WHAT IS NEEDED – Using the listing below, give again exactly the lines from the line with "Israel waving flag" to the line with "作品名字的意思是the basket of", inclusive, without the pictures.

PROVIDED RECORDS –
■ ■ ■ ■

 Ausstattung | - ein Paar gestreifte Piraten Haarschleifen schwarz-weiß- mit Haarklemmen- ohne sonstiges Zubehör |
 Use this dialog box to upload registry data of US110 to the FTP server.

■ ■ ■ ■

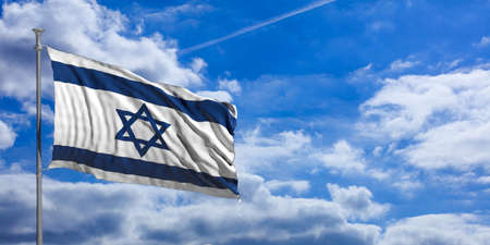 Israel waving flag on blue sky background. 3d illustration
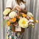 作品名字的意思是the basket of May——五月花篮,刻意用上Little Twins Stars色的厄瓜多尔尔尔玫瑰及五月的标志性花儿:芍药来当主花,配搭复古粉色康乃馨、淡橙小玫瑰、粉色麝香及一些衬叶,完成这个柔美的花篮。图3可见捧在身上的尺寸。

■ ■ ■ ■

EXERCISE RESPONSE –
 Israel waving flag on blue sky background. 3d illustration
 作品名字的意思是the basket of May——五月花篮,刻意用上Little Twins Stars色的厄瓜多尔尔尔玫瑰及五月的标志性花儿:芍药来当主花,配搭复古粉色康乃馨、淡橙小玫瑰、粉色麝香及一些衬叶,完成这个柔美的花篮。图3可见捧在身上的尺寸。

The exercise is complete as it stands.